_Activity_.
Take the lines in the listing below from the line with "Решение задачи К4" up to and including the line with "Остается кухонный гарнитур" and set them down exactly, skipping pictures and adding nothing.

_Data under study_.

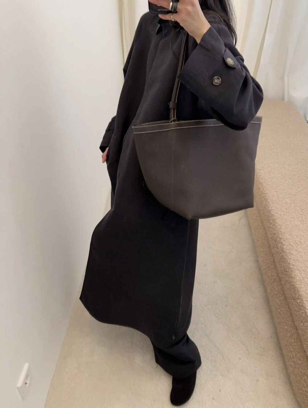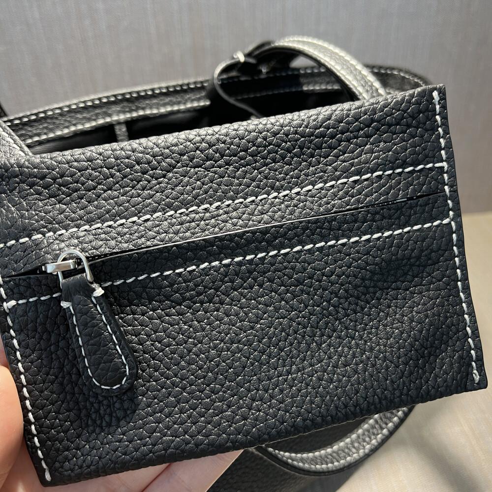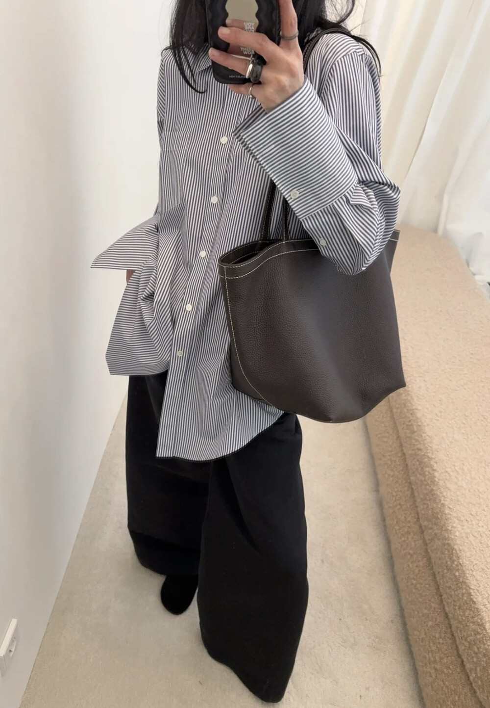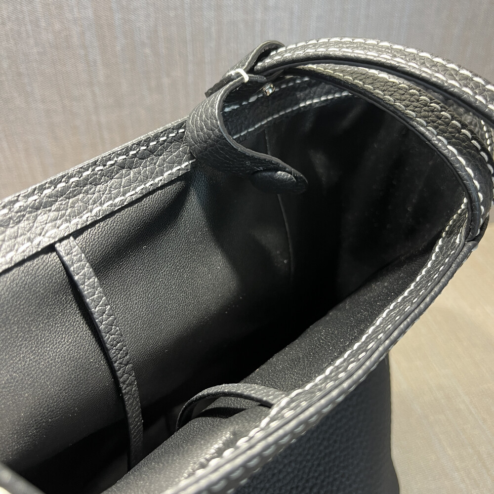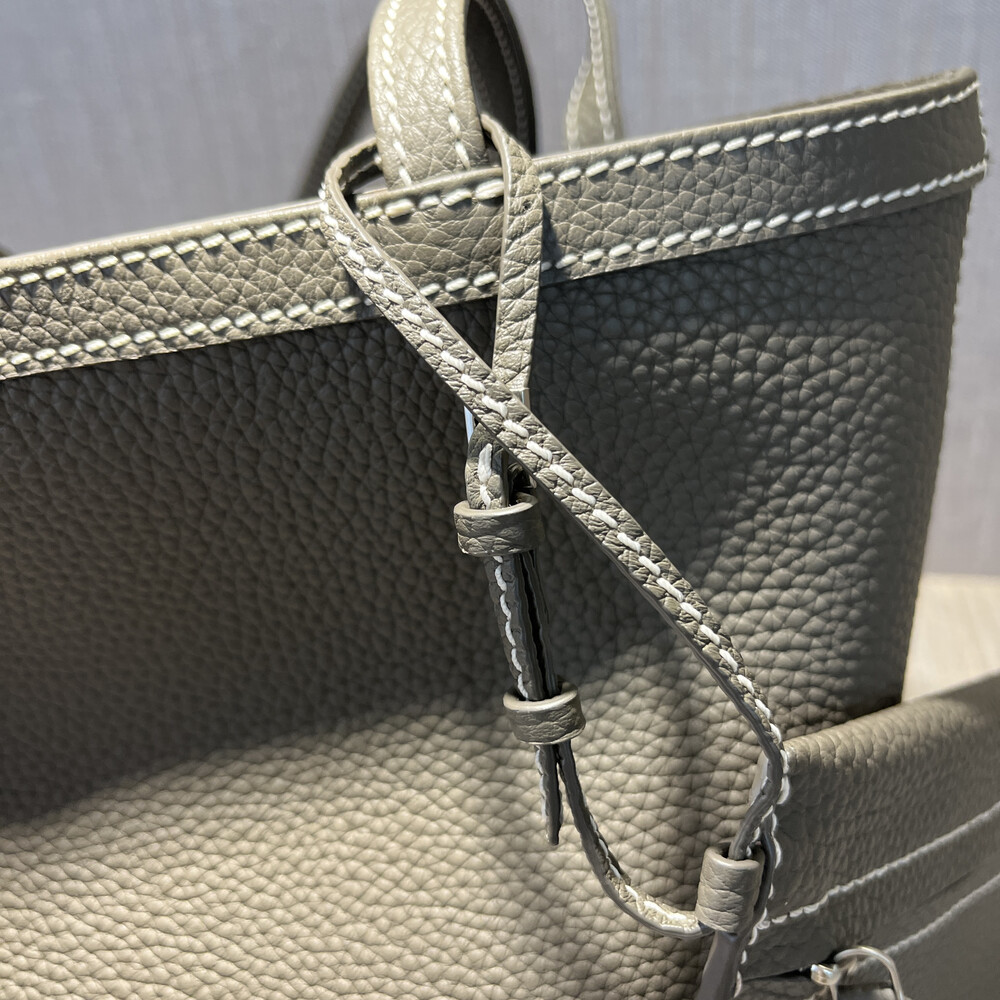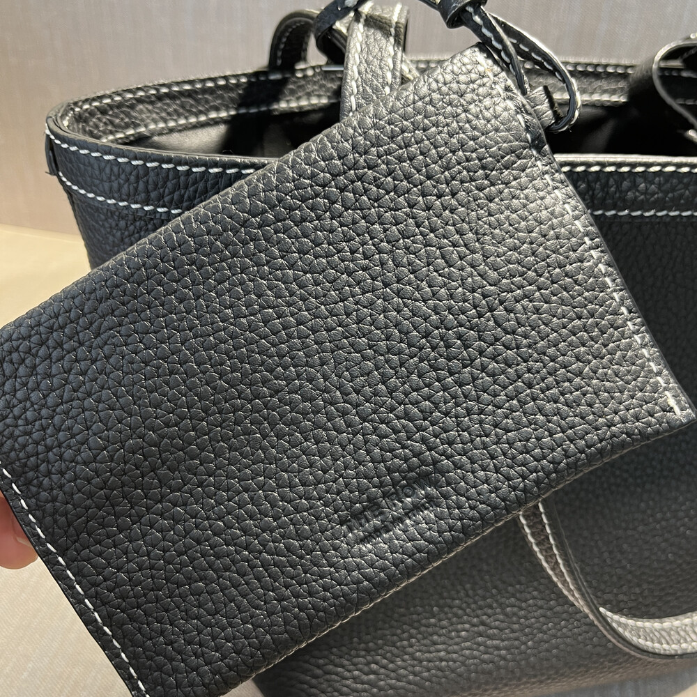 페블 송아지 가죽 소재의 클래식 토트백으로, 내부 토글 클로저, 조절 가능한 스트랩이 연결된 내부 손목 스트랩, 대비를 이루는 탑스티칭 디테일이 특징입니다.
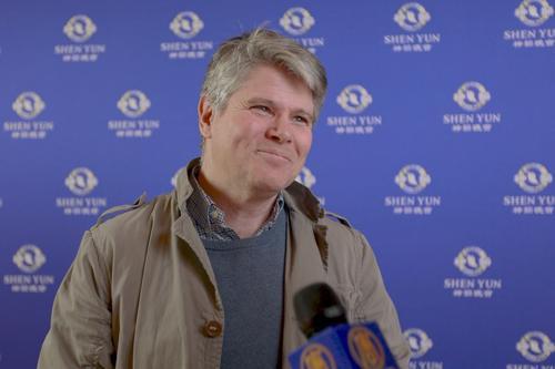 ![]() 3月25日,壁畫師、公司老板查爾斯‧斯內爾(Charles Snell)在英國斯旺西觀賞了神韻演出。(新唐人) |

==

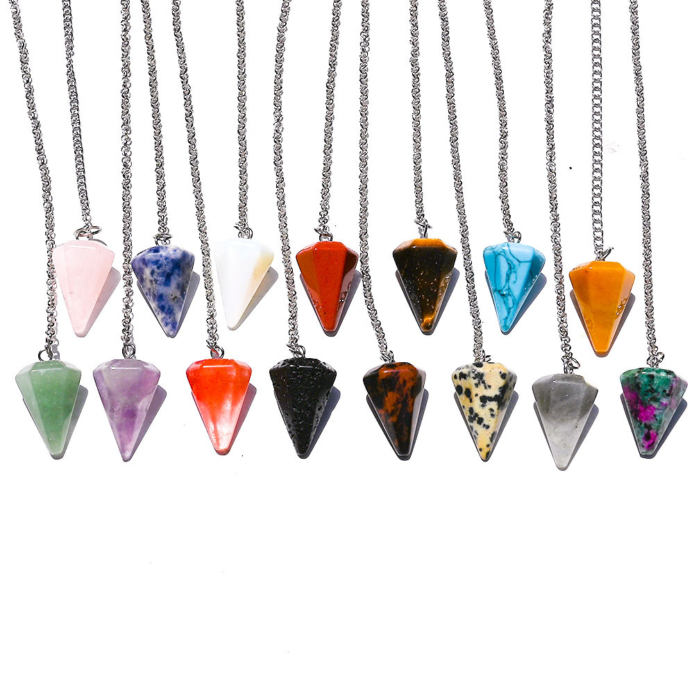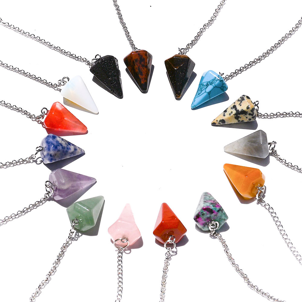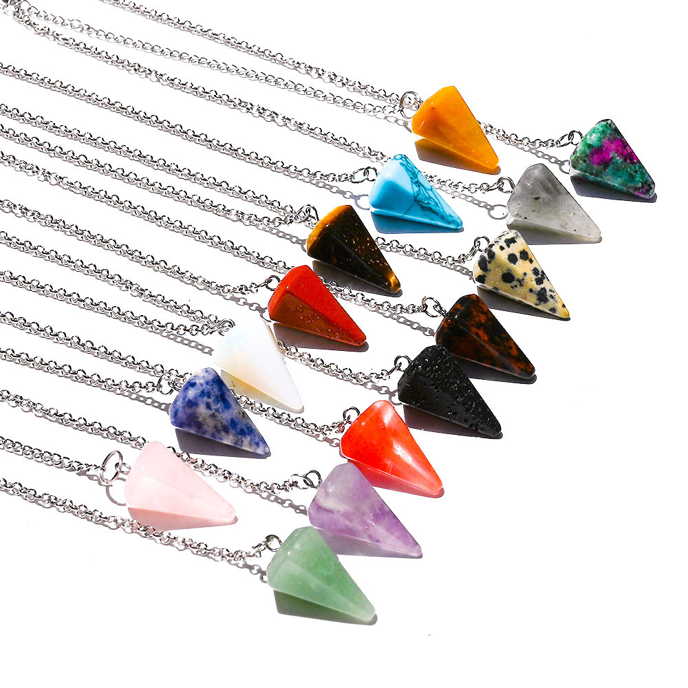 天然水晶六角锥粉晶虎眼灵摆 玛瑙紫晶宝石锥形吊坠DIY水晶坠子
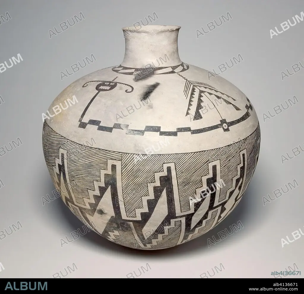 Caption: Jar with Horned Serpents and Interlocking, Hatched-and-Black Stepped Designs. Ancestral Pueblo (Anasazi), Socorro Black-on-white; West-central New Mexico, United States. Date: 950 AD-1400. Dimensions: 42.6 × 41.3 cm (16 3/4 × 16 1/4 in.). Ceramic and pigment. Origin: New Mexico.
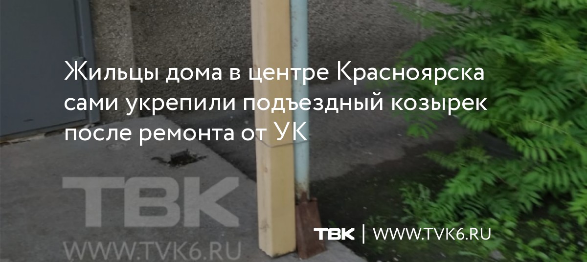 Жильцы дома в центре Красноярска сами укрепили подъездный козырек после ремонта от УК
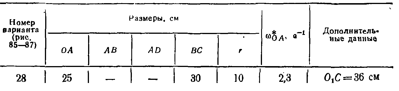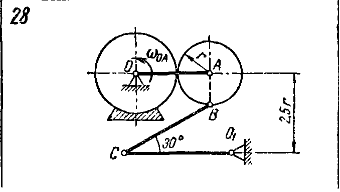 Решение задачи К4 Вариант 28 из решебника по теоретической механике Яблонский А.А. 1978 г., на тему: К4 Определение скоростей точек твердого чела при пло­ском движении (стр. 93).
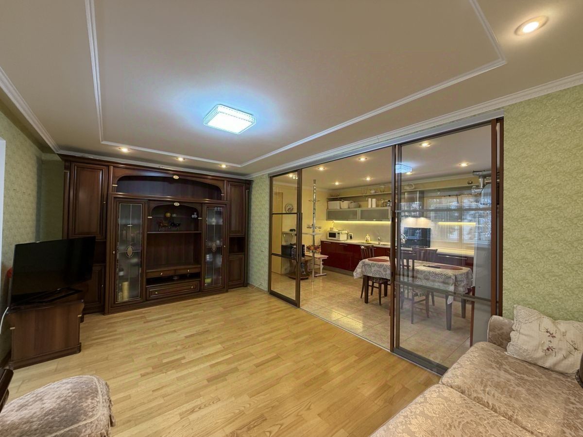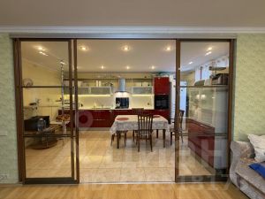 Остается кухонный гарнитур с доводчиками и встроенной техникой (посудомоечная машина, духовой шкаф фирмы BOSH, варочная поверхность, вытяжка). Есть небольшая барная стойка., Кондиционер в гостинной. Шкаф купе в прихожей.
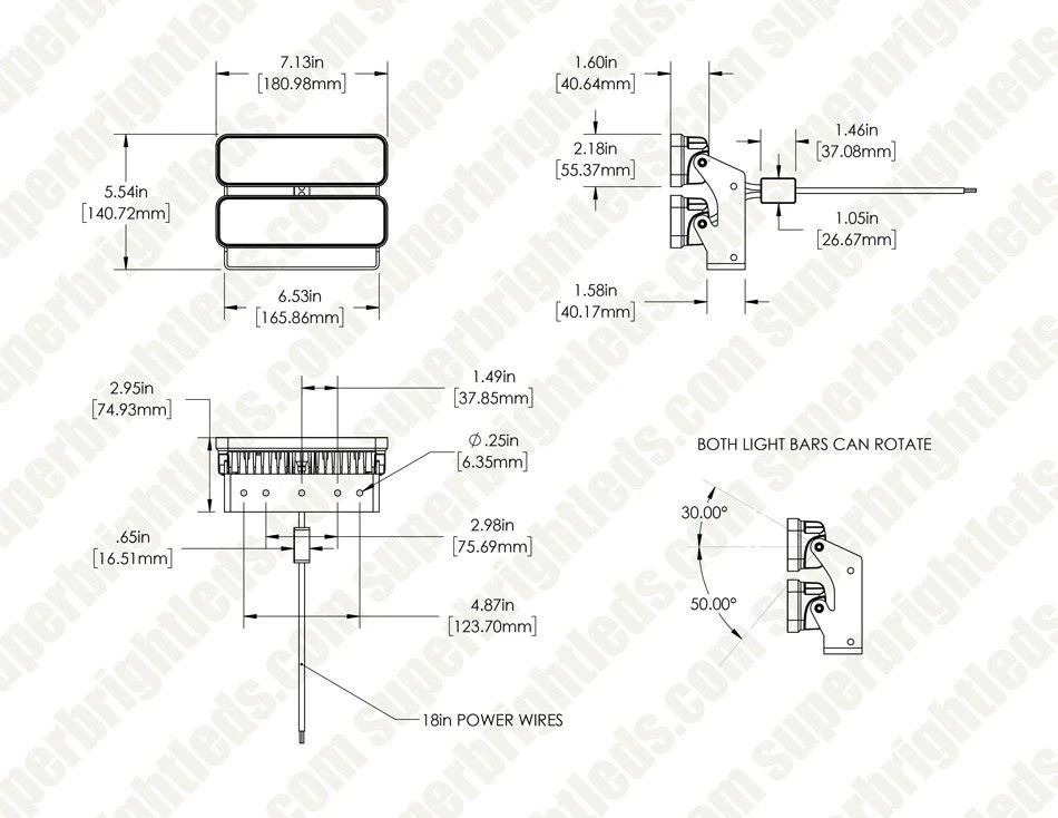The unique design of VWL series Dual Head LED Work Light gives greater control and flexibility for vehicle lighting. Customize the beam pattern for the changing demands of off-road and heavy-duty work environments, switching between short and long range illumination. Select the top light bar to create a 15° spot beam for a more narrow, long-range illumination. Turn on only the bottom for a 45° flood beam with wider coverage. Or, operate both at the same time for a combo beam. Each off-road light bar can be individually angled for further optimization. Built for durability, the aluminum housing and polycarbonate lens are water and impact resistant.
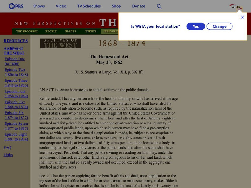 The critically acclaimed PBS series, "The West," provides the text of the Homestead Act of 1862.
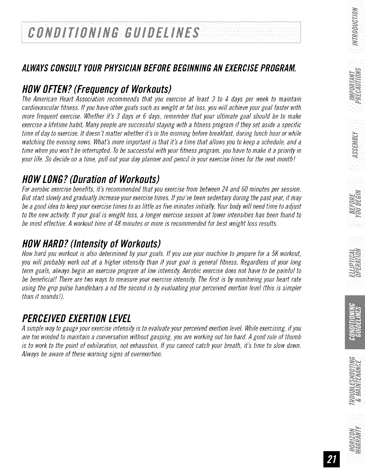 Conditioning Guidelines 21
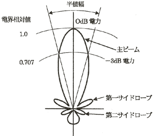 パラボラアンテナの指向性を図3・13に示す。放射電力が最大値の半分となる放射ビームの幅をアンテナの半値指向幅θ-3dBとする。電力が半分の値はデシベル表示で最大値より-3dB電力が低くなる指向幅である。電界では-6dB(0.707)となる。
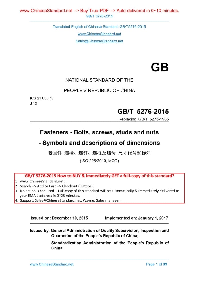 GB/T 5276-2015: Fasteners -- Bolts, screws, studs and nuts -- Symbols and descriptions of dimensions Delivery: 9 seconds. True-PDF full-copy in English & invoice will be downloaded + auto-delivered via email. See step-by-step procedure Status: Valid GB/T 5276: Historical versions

* * *

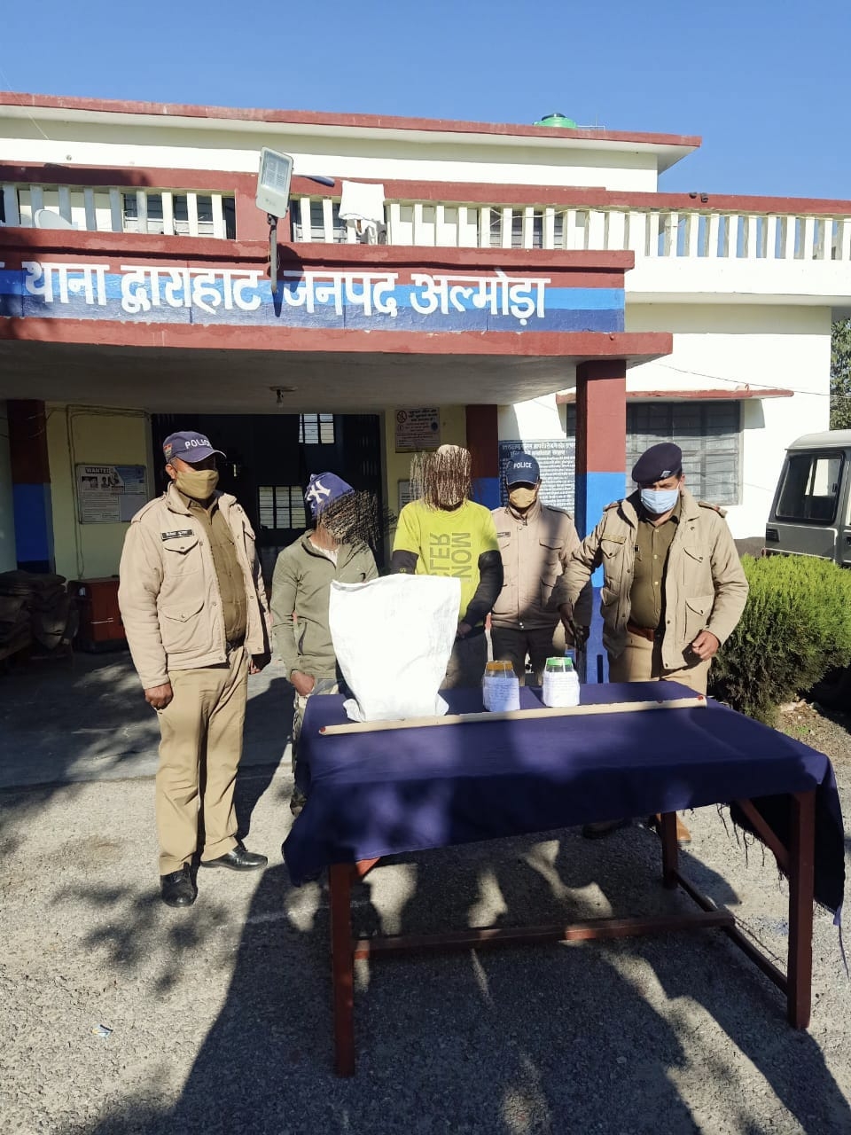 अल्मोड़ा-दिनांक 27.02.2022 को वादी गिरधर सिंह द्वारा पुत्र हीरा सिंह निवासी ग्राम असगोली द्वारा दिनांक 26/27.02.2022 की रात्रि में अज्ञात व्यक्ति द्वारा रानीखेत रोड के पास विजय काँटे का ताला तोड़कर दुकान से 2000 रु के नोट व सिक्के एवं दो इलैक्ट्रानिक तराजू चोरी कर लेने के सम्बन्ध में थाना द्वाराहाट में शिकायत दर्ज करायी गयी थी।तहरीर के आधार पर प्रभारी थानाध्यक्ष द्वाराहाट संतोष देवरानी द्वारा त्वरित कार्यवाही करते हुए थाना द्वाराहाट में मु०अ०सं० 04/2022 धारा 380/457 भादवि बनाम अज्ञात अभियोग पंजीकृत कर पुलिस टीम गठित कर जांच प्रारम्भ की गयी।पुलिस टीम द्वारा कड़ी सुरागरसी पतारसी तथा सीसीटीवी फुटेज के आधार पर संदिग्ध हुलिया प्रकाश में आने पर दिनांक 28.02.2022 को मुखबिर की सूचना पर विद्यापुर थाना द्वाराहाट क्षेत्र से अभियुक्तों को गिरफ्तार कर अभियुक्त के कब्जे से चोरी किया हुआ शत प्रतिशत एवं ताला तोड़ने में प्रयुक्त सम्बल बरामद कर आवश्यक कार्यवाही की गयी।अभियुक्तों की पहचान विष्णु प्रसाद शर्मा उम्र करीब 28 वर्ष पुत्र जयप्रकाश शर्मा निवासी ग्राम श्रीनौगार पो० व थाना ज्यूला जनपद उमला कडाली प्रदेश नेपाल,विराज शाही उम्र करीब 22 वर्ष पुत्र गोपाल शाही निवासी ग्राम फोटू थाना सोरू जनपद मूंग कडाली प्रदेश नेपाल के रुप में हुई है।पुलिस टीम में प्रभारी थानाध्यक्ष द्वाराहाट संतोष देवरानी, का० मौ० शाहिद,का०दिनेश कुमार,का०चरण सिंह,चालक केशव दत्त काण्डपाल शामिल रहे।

_Response_.
 Решение задачи К4 Вариант 28 из решебника по теоретической механике Яблонский А.А. 1978 г., на тему: К4 Определение скоростей точек твердого чела при пло­ском движении (стр. 93).
 Остается кухонный гарнитур с доводчиками и встроенной техникой (посудомоечная машина, духовой шкаф фирмы BOSH, варочная поверхность, вытяжка). Есть небольшая барная стойка., Кондиционер в гостинной. Шкаф купе в прихожей.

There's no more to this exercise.